I suppose, if Pinochet gets off scot free, what Polanski did was of a much lesser scale.

Ftr, I support Jane Fonda for her courage in speaking out against the appalling US involvement in Vietnam. But I don't rate her acting.
 
It was Switzerland who arrested him, then set him free.

I suppose, if Pinochet gets off scot free, what Polanski did was of a much lesser scale.

Ftr, I support Jane Fonda for her courage in speaking out against the appalling US involvement in Vietnam. But I don't rate her acting.

... what! ... Barbarella was a masterpiece I'll have you know ...
 
OK, there's still a warrant out, let's put it like that. The Swiss authorities didn't feel it met their thresholds for extradition. There are a number of interesting people living in Switzerland, and one can understnad their not wanting to set precedents.
 
Roman Polanski is an immensly talented director and knows more about framing than most top notch cinematographers and yes he has a dark side. After all he wanted to make a movie about the murder of his pregant wife (Sharon Tate). Interestingly both Saudek and Polanski were victims of the Nazis and both their works deals very openly with sexuality and taboos.

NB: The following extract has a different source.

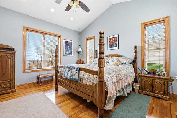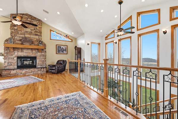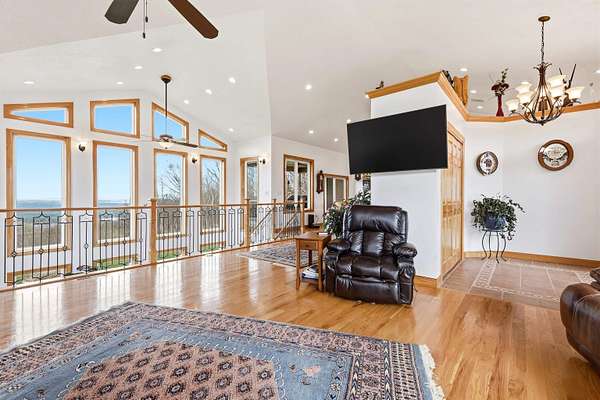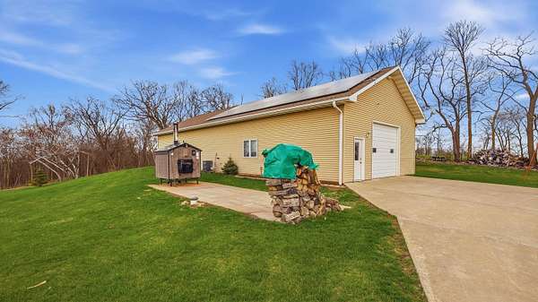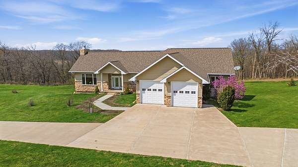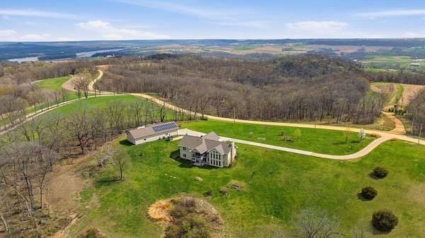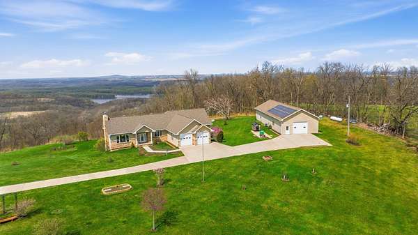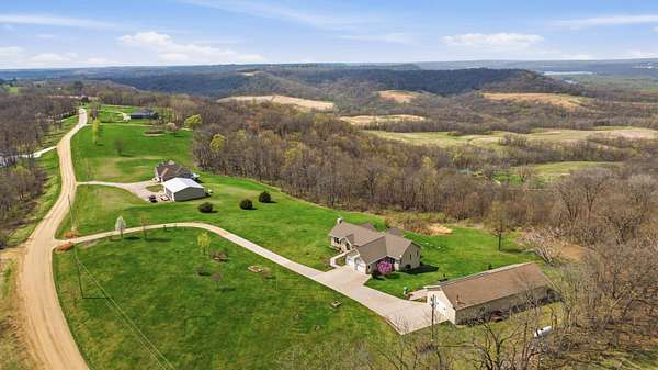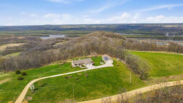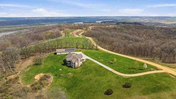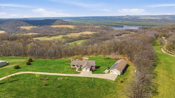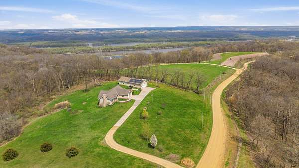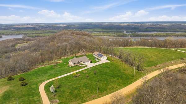 Escape to Your Private Sanctuary Stunning Ranch-Style Home on 3.71 Breathtaking Acres with Beautiful Mississippi River Views Your Breathtaking Setting Awaits This is more than a home; it's a lifestyle defined by privacy, views, and quality. From the cozy wood-burning fireplace to the advanced Sonos sound system and 16-camera security, every detail has been considered. Welcome to a rare opportunity where unparalleled natural beauty meets exceptional modern living in this 2012 custom home. Perched on a private, sprawling lot, this 3-bedroom, 5-bathroom ranch offers a front-row seat to serene, ever-changing Mississippi River vistas and valleys -a view you'll never tire of. Live in Light & Space Step inside to a light-filled interior designed for awe. Soaring 10-foot cathedral ceilings floor-to-ceiling windows and gleaming hardwood floors create an open, inviting atmosphere. The heart of the home is a open kitchen, featuring granite countertops, custom oak cabinetry, and premium appliances including a 36" dual-fuel range. It's the perfect place to create a meal while gazing at your view. A Lower-Level Entertainer's Paradise Descend to a fully finished lower level that redefines luxury living. Revel in the warmth of 3/4" cherry wood walls and a magnificent wet bar equipped with 10 taps. Unwind in the new hot tub or soothe in the infrared sauna -all within a space crafted for festive gatherings and intimate relaxation. Modern Self-Sufficiency & Efficiency Embrace sustainable, worry-free living with a state-of-the-art solar system installed in 2024, complete with battery backup. Enjoy pristine water from three whole-house filtration systems plus reverse osmosis. The attached 2-car garage even includes an EV charger for the modern homeowner. The Ultimate Workshop & Storage For the hobbyist, craftsman, or visionary, the phenomenal 30' x 80' heated shop awaits. Fully equipped with 12-foot ceilings, an 80,000 BTU heater, in-floor heat, HVAC, plumbing, internet, and comp

I also have to add that most greek philosophers and many romans were pedophiles by today's standard but nobody would say that he has to puke if he had to use Pythagoras, Sokrates, etc... . Charlie Chaplin is very popular as well not only a commie but also a pedo yet nobody seems to complain about him. Caravaggio was a murderer, so were Lully and Moliere the later ones enjoyed killing homeless people. Picasso was another moral cockroach great artist but as a human being he was less than stellar. And let's not forget Andy Warhol the great american Artist who had no problem coercing people into bed and would destroy some persons because they refused his coercion or broke up with him.

Most people who love art seem to be able to overlook the artists deficencies as a human being and very few famous artists were nice persons maybe Rubens but that's it.
 
Are you sure? I'm pretty sure that the use of 35mm was made obligatory for German stills news photographers in the 1930s,

That sounds unlikely. The early thirties mark the breakthrough of the Makina (and Miroflex, and other "small format" 6x9 press cameras), which replaced the 9x12 and 10x15 SLRs and strut folders common in the twenties. And between the Makina and Leica age there would be the Rolleiflex age, which lasted into the fifties...

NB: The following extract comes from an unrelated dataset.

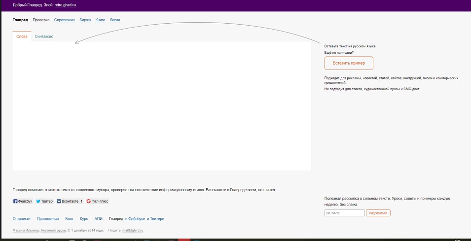 Неплохой сервис по очистке текста от мусора, например от выражения «самый лучший» (лучший — он уже самый, «самее» не бывает). Относительно безобиден, не кромсает текст, как «ГлавВред», о котором я расскажу ниже. Действительно полезен.

Besides, the Nazis were subject to many contradictory lobby groups out of the German industry, and accordingly lousy at standardisation (the resultant mess of arms systems is generally considered one of the reasons for their eventual military failure).

I suspect that setting up a official photo agency for the 1936 Olympics which promoted ultra-modern technologies, like fast superteles (Contax with "Olympia" 180/2.8 Sonnar) and "Hellschreiber" photo wire transmission stations, may have been overblown by later authors into a obligatory use of the same. In reality that was a showcase system - much like TV, which also was on demonstration at the same event, it did not become a everyday reality until after the war.